Photo: Sandra Simpson

Leaves are shiny and green – the leaflets that fork many times are fertile, while the ones that fork 2 to 3 times are sterile. Leaves can be anywhere along the vines but there’s often a mass up out of sight.

Bushman’s mattress is found from North Cape to the Bay of Plenty in the North Island, but take care not to confuse the common name with the shrub Muehlenbeckia complexa, sometimes called mattress plant.

Lygodium articulatum vines – not hanging down but scrambling up. All photos taken at Puketoki Reserve, Whakamarama, near Tauranga. Well worth a walk through. Photo: Sandra Simpson

The NZ Plant Conservation Network entry for Lygodium articulatum explains its common name: “These interwoven tangles make an excellent mattress and many a tramper has used these when caught out in the northern forests for the night. The only problem is that they are also a favoured home of tree weta, as many-a-tramper-caught-out-in-the-northern-forest-for-the-night comes to appreciate!”

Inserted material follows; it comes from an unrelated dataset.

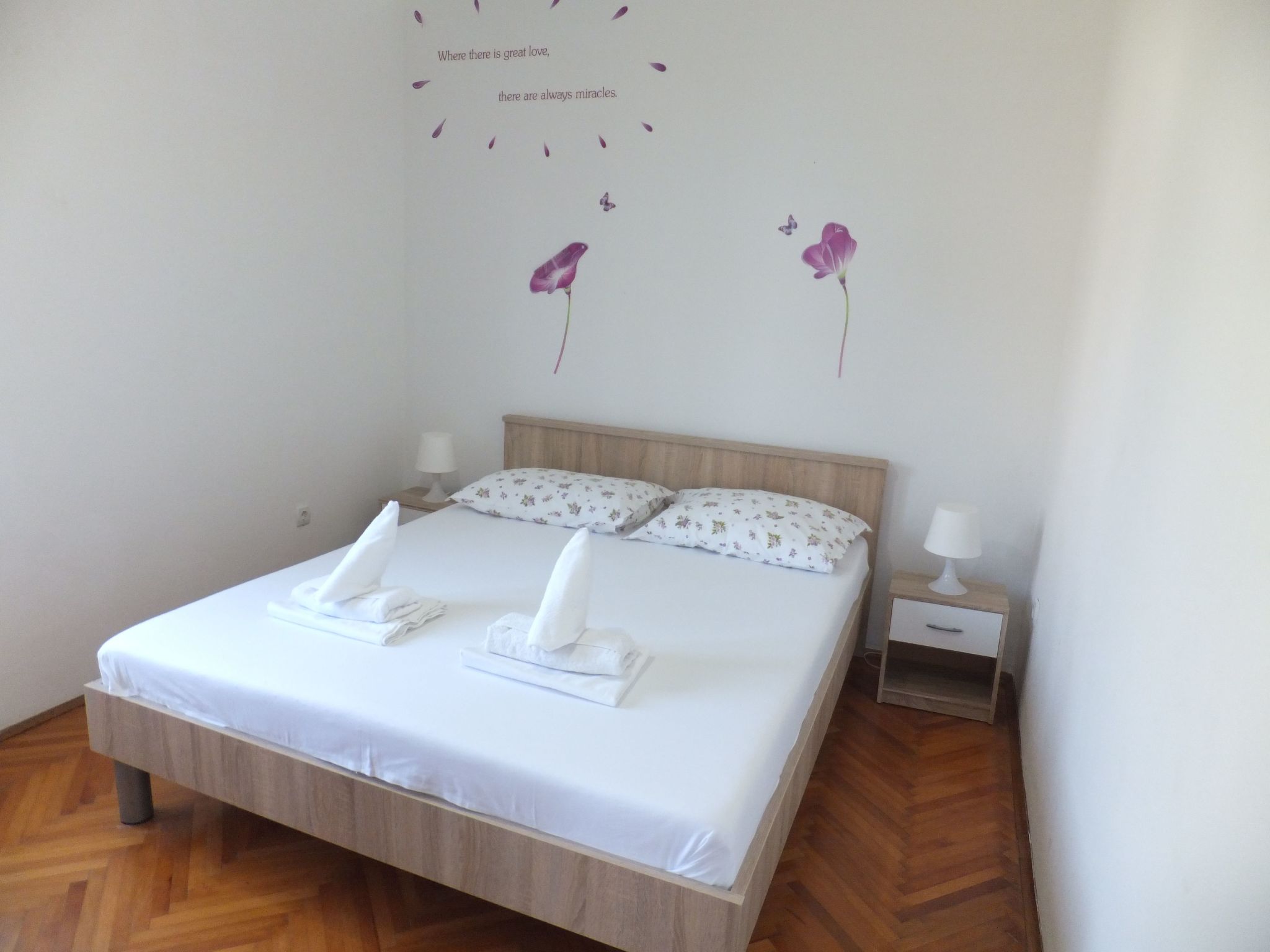 Immerse yourself in the serene beauty of our tranquil holiday home nestled amidst the lush Mediterranean landscape on Rab Island. Surrounded by greenery, vibrant flowers, and the historical charm of the only preserved mill on the island, our property promises a unique retreat where tradition meets nature. The nearby beach, a flowing stream, and the picturesque setting with islands in the distance ensure your stay is filled with picturesque moments of relaxation and joy, making every second of your getaway unforgettable.Our 42 m² apartment, located on the upper floor of a two-story building, is designed to provide you with all the comforts of home in a light-filled and airy space. The open-plan living and dining area, featuring large glass doors, invites the outside in, opening up to your private balcony – the perfect spot to unwind with a glass of exquisite Croatian wine while soaking up panoramic sea views. The living space comes complete with a cozy sofa, satellite TV, and dining facilities, while the kitchen is fully equipped with modern appliances including a two-zone electric hob, a refrigerator with a freezer compartment, a kettle, and comprehensive crockery and cutlery sets. The bedroom, furnished with a comfortable double bed and ample storage, alongside a convertible sofa in the living room and a well-appointed daylight bathroom, ensures your stay is restful.Outside, the private balcony emerges as your personal oasis of calm. Set against the backdrop of the wide bay and the deep blue sea, it's furnished with a table and chairs, making it an idyllic setting for breakfasts bathed in sunshine or romantic evenings under the stars. The surrounding area of our apartment serves as a gentle reminder of the unspoiled beauty nature offers, encouraging guests to relax and reconnect in an environment where peace is paramount.Our location in Supetarska Draga on Rab Island positions you perfectly to explore the enchanting surroundings. Just 700 meters away, you'll find the closest restaurant and supermarket, ensuring convenience is at your doorstep. With Baška 19 km away, Novalja 31 km, and Crikvenica 41 km from the property, adventurous guests can easily venture out to experience the local culture, cuisine, and natural beauty the region boasts. Plus, with Rijeka Airport only 47 km away, access to our tranquil retreat is straightforward for those traveling from afar.Choose our holiday apartment for your next getaway and experience the perfect blend of natural beauty, comfort, and convenience. Whether you're longing for days spent by the sea, explorations of historic sites, or simply moments of peace away from the hustle and bustle of daily life, our idyllic setting on Rab Island promises a memorable and rejuvenating holiday experience.

Early writers recorded Maori using the vines in a variety of ways – to bind thatch securely on roofs; lashing in storehouse construction; to construct fish traps and eelpots; naturally curved stems, hardened by fire, as fish hooks; and to tie the necks of sacks used for soaking fermenting corn (after maize was introduced to New Zealand Maori developed a method of preserving it by soaking cobs in running water for 6 weeks to 3 months – the resulting (stinky) kānga pirau was made into porridge).

Photo: Sandra Simpson

From an article at the Oratia Native Plant Nursery website: “Mangemange is the only New Zealand species in the genus, but about 30 or 40 related species occur throughout the tropics and some such as mangemange grow into the temperate zone. Many have been declared noxious weeds overseas, where they have been taken out of their natural environment and introduced into other parts of the world without their natural predators.”